As delegadas Thaís Degani (esquerda), Elenice Cristine (centro) e Renata Ribeiro em entrevista coletiva. Foto:
Paulo Filgueiras/EM/DA Press.

No dia 04 de outubro deste ano, uma mãe procurou a polícia para denunciar uma suposta violência sexual contra seu filho de três anos, no colégio Magnum, na região Nordeste de Belo Horizonte. Outros dois casos foram relatados nos dias seguintes; ao todo, foram registrados sete boletins de ocorrência. O suspeito, Hudson Nunes de Freitas, de 22 anos, trabalhava no colégio há cerca de dois anos. Ele fora inicialmente contratado através do projeto Escola de Esporte; logo depois iniciou o curso de Educação Física e passou à condição de estagiário. Após as denúncias, Hudson foi afastado, e a polícia iniciou as investigações*. 

Ao final dos trabalhos, não foram encontraram indícios de violência sexual nem na escola nem fora dela. Hudson, ao fim desse pesadelo, foi inocentado e convidado para retomar seu trabalho.**

Este acontecimento lembra uma outra ocorrência de maiores proporções, conhecida como o caso da Escola Base em São Paulo. Em 1994, seis pessoas – os donos do estabelecimento, o motorista do transporte escolar e um casal pais de um aluno – foram acusadas injustamente de violentar sexualmente crianças que frequentavam a escola. O caso alcançou grande repercussão midiática – o colégio foi depredado, os suspeitos estiveram prestes a ser linchados. As seis pessoas foram inocentadas, porém o dano em suas vidas foi irreparável.

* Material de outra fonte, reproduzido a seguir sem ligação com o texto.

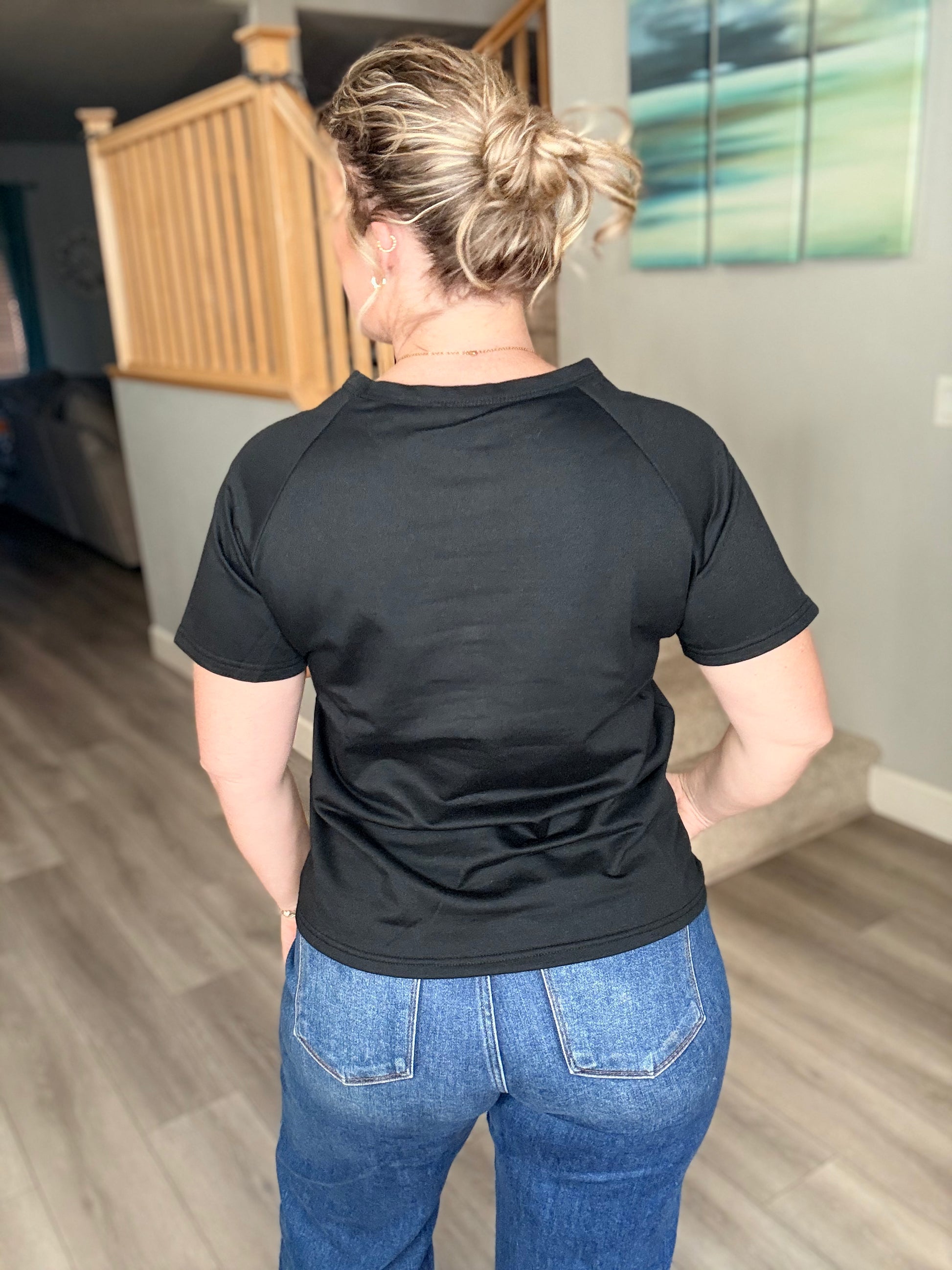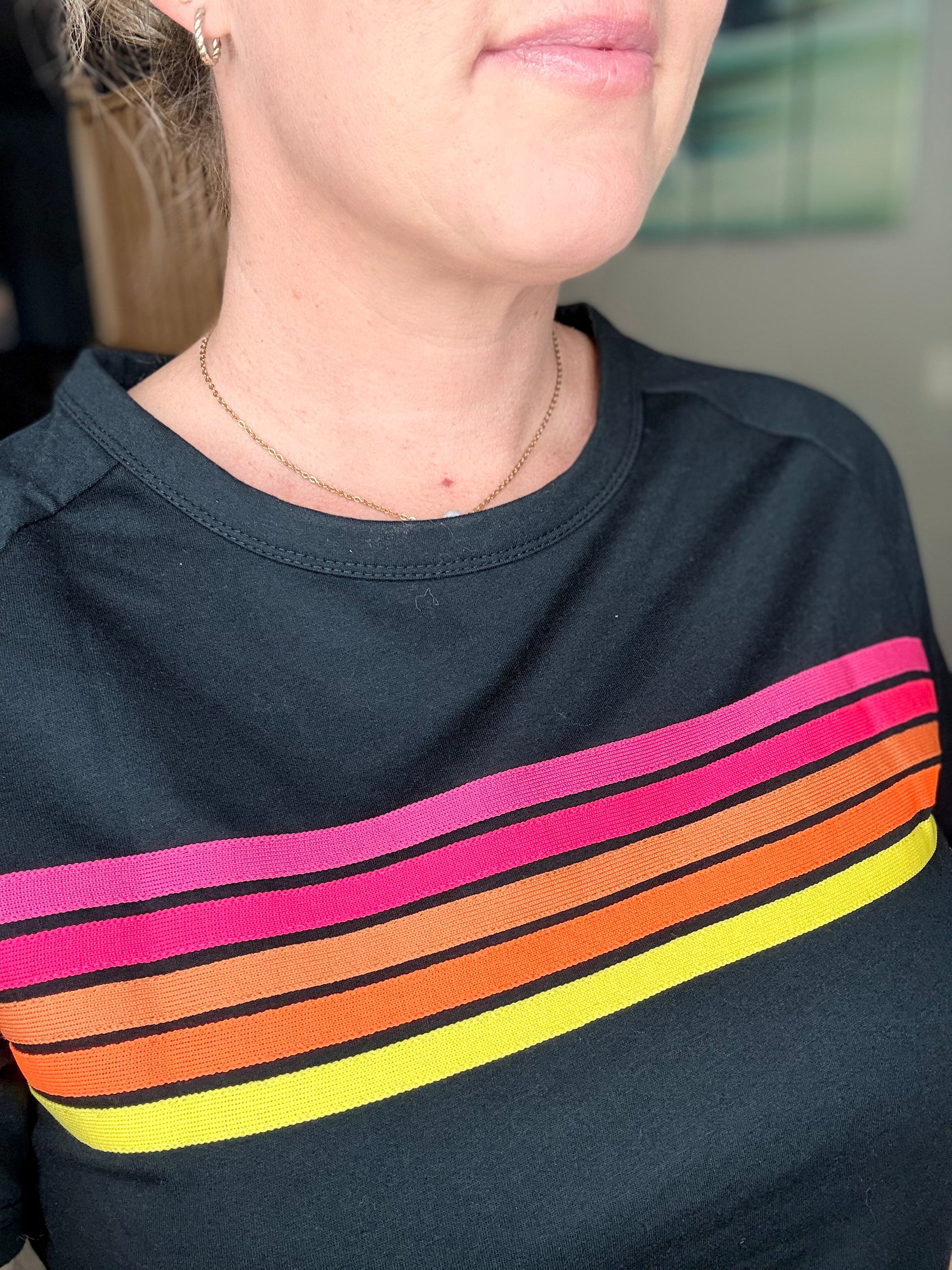 Black tee with retro, multi-colored stripes and a slim, unisex fit. Thicker material gives this top a great structure while maintaining max comfort. Fits TTS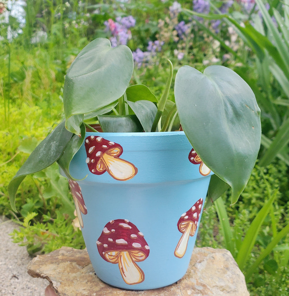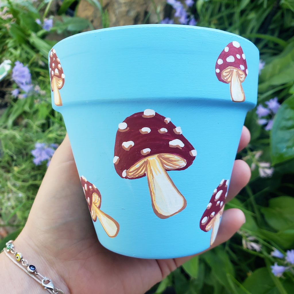 Handpainted terracotta pot, in fun mushroom design 🍄🤍
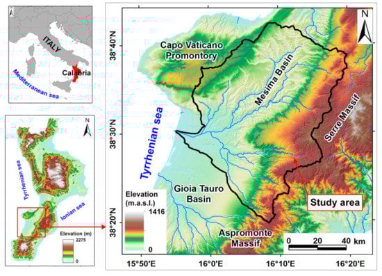 The Mesima basin extends for a surface of 806.4 km2 in Calabria region (southern Italy) and spanning from 38°42′35″ N to 38°19′35″ N of latitude and from 15°55′17″ E to 16°19′35″ E of longitude. (Figure 1). The Mesima basin represents the main fluvial catchment of the central part of the Calabria and its mouth flows in the Tyrrhenian sea on the south area of the Capo Vaticano promontory (Figure 1). The basin area is dominated by a hilly landscape on the central and western side, while, high mountains of Serre and Aspromonte Massifs characterize the eastern border. Elevation in the area ranges from 0 m to 1275 m a.s.l., with an average value of 400.5 m (standard deviation = 287.7 m). Slope gradient, computed from a 5 × 5 m DTM, ranges from 0° to 78.2°, with a mean value of 13.8° and a standard deviation of 11.1° [].

Este episódio (tratado inclusive em dois livros***), trouxe várias lições sobretudo quanto ao comportamento da mídia, que desempenhou um papel decisivo nas proporções alcançadas pelo acontecimento e na destruição da vida dos acusados.

No caso do colégio Magnum, a imprensa tomou precauções, evitando assumir a acusação e noticiando sem alarde, assim como a escola, que se colocou disponível face à insegurança dos pais e aberta às investigações, sem tomar posição antes da conclusão do inquérito.

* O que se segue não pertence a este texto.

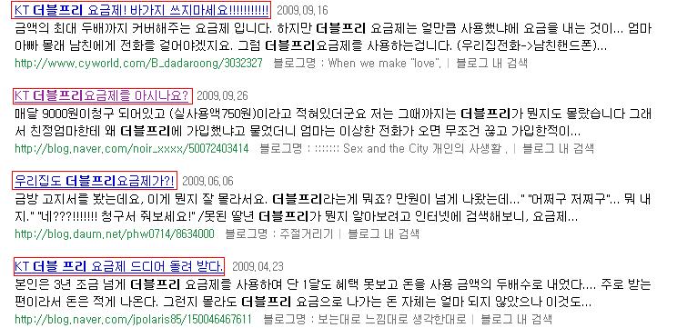 '더블프리'요금제 피해는 <소비자가 만드는 신문>은 물론 포털사이트, 인터넷카페, 블로그 등에 끊임없이 제기되고 있다. 그러나 정작 KT는 손을 놓고 있는 실정이라 소비자들의 화를 돋우고 있다.
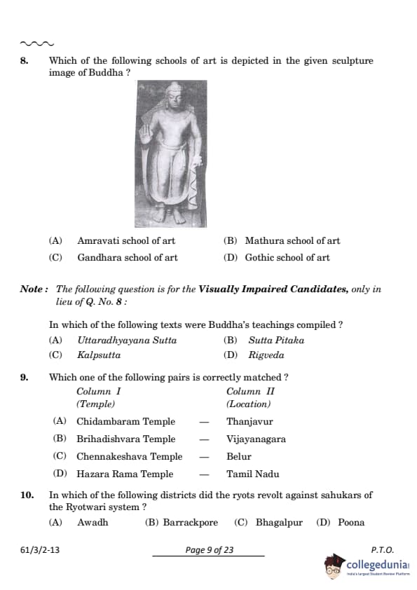 Gandhara School of Art: Gandhara art is known for having a Greco-Roman influence and has figures with wavy hair, well defined facial features, and draped robes that cover the entire body. This is mainly found in the northwestern region.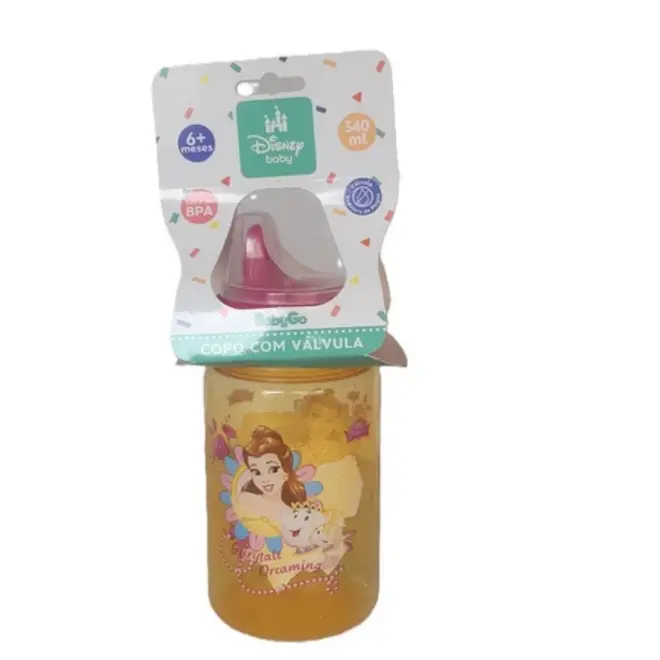 Copo Princesas Disney com Tampa e Válvula Redutora de Pingos Baby Go 340 ml

Trata-se de uma situação complexa. Sem dúvida, a pedofilia é um crime hediondo, e não apenas os pais, mas a sociedade deve estar atenta e desenvolver mecanismos permanentes de proteção às crianças. 

Por outro lado, a reputação das pessoas é um bem precioso, capaz de abrir ou fechar caminhos. Uma acusação dessa natureza, se infundada, pode destruir uma vida. 

É importante destacar também que as crianças não saem imunes de um acontecimento desses; mesmo não tendo sofrido danos físicos, quando se veem enredadas (ou até estimuladas) numa trama narrativa desse tipo, são seriamente atingidas pelo peso simbólico da situação criada.

Após o esclarecimento do caso, é fácil atribuir a culpa ao despreparo da mãe (ou dos pais denunciantes) para lidar com a situação.  Porém é necessário buscamos compreender o pano de fundo que orienta comportamentos extremados. E dois fatores podem ser apontados. De um lado, a forte tendência que assola todos os domínios da nossa sociedade de judicializar as questões conflitivas – de muito rapidamente tratar os problemas que enfrenta como “caso de polícia”. Como se a polícia e o judiciário fossem o caminho mais curto e mais certeiro para resolver questões que deveriam antes ser tratadas com auxílio de outros profissionais (no caso, orientadores educacionais, psicólogos).

Como segundo aspecto, e até explicando esse tipo de atitude, estão talvez o desamparo, a insegurança e o medo. As instituições se mostram fracas e desacreditadas, os cidadãos se encontram sem ponto de apoio, a vida está vulnerável. Serenidade e reflexão faltam quando o tecido social está roto. E o nosso se mostra seriamente danificado.

Vera França, professora titular da Comunicação Social da UFMG e coordenadora do GrisLab

*Nova suspeita de abuso sexual em colégio de BH é relatada em reunião de pais

**Polícia não vê indícios de que investigado tenha abusado de alunos do Colégio Magnum

*** RIBEIRO, Alex. Caso Escola Base – os abusos da imprensa. São Paulo: Ática, 1995. p. 46/47.

BONJARDIM, Estela Cristina. O acusado, sua imagem e a mídia. São Paulo: Max Limonad, 2002. P. 105.